**EXERCISE DESCRIPTION**. Although the data below contains pictures, output only the lines between those holding "Blue Beaded Pen" and "Galaxy Z Fold", inclusive, exactly and without those pictures.
---- EXERCISE INPUT
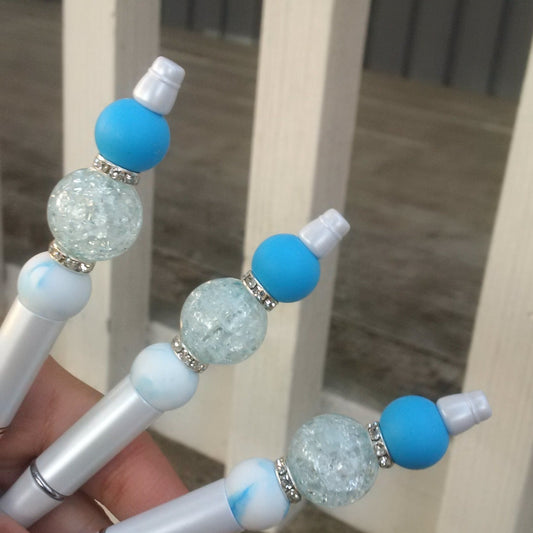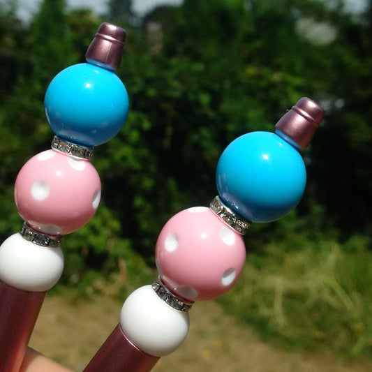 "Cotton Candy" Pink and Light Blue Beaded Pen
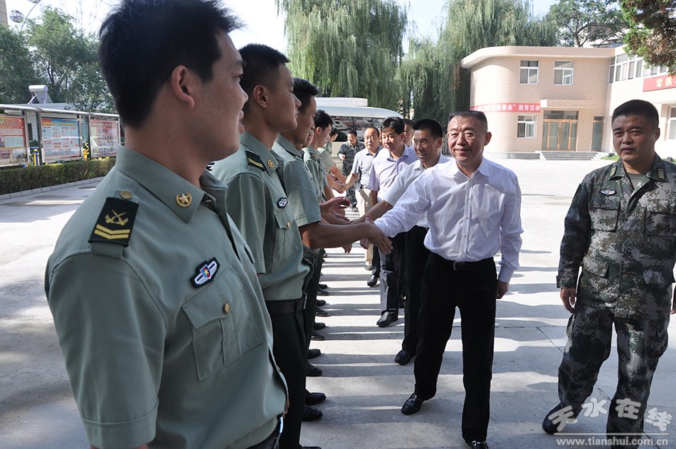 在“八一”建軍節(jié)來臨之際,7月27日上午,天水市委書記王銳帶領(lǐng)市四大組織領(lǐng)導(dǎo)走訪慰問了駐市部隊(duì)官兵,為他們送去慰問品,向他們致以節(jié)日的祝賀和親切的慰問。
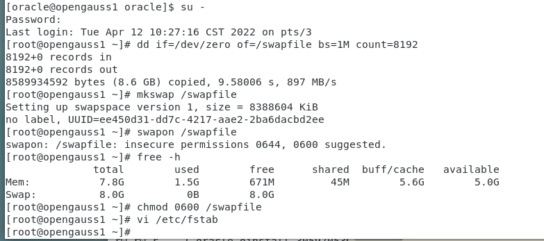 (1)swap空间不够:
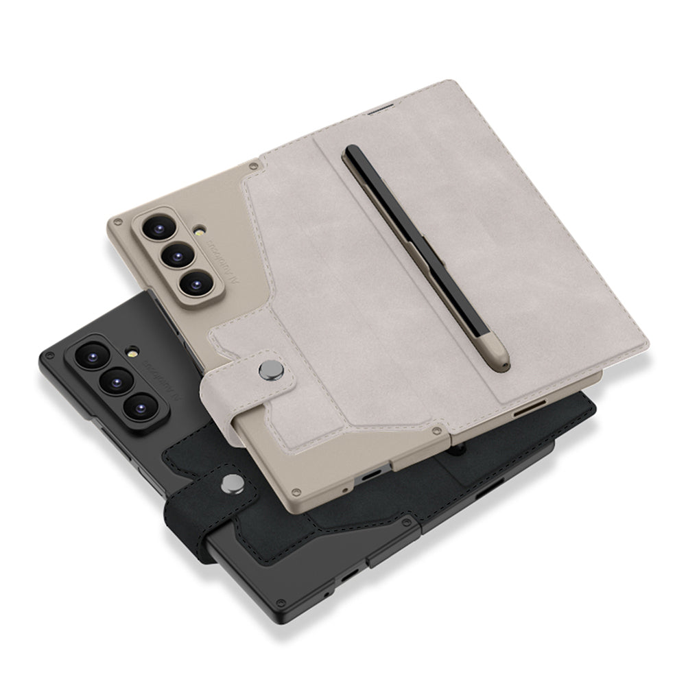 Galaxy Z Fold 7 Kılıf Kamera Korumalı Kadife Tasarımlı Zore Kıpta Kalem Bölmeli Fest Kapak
--------
---- EXERCISE INPUT
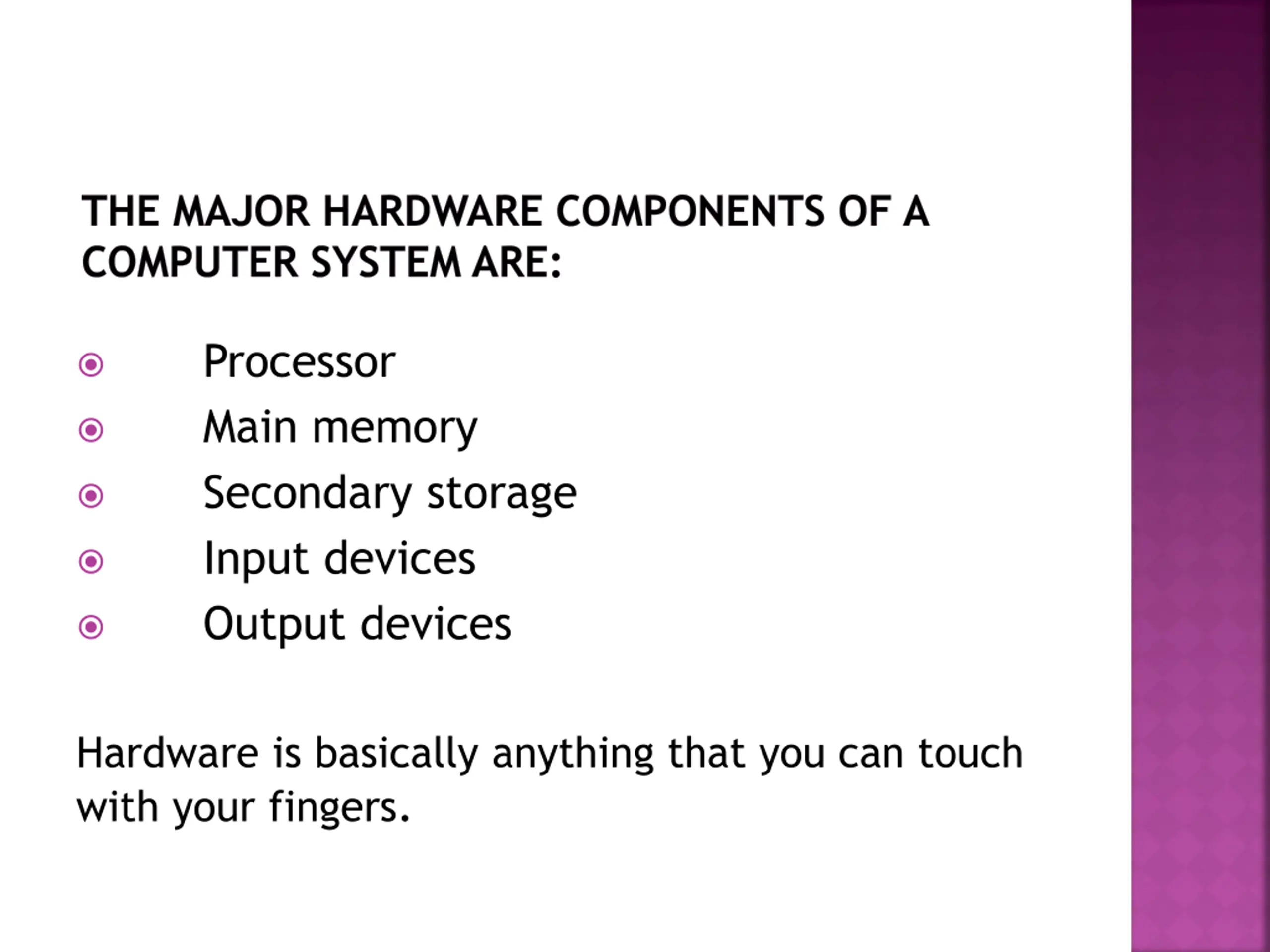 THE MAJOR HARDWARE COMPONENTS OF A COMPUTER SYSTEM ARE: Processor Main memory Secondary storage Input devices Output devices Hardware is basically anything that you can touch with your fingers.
--------
---- EXERCISE INPUT
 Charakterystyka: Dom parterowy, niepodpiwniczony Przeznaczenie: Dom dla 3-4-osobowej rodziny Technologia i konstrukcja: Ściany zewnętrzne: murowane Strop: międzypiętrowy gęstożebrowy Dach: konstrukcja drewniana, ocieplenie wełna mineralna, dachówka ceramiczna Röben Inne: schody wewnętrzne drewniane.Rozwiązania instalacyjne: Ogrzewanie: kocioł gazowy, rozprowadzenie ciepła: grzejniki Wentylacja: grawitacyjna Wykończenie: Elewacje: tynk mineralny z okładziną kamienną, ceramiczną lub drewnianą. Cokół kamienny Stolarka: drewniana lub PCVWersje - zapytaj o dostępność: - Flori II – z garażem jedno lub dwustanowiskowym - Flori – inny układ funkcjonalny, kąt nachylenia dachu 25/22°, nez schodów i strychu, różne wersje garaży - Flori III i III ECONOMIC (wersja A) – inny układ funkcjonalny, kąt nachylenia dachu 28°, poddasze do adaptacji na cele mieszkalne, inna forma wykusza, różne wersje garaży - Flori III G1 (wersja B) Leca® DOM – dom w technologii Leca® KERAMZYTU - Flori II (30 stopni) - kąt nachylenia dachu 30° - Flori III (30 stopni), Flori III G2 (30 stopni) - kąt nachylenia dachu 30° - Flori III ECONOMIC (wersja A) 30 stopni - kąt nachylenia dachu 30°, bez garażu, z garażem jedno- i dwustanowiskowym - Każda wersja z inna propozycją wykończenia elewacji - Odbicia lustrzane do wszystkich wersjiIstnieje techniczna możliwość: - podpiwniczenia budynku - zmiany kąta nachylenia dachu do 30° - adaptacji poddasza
--------
**EXPECTED ANSWER**.
 "Cotton Candy" Pink and Light Blue Beaded Pen
 在“八一”建軍節(jié)來臨之際,7月27日上午,天水市委書記王銳帶領(lǐng)市四大組織領(lǐng)導(dǎo)走訪慰問了駐市部隊(duì)官兵,為他們送去慰問品,向他們致以節(jié)日的祝賀和親切的慰問。
 (1)swap空间不够:
 Galaxy Z Fold 7 Kılıf Kamera Korumalı Kadife Tasarımlı Zore Kıpta Kalem Bölmeli Fest Kapak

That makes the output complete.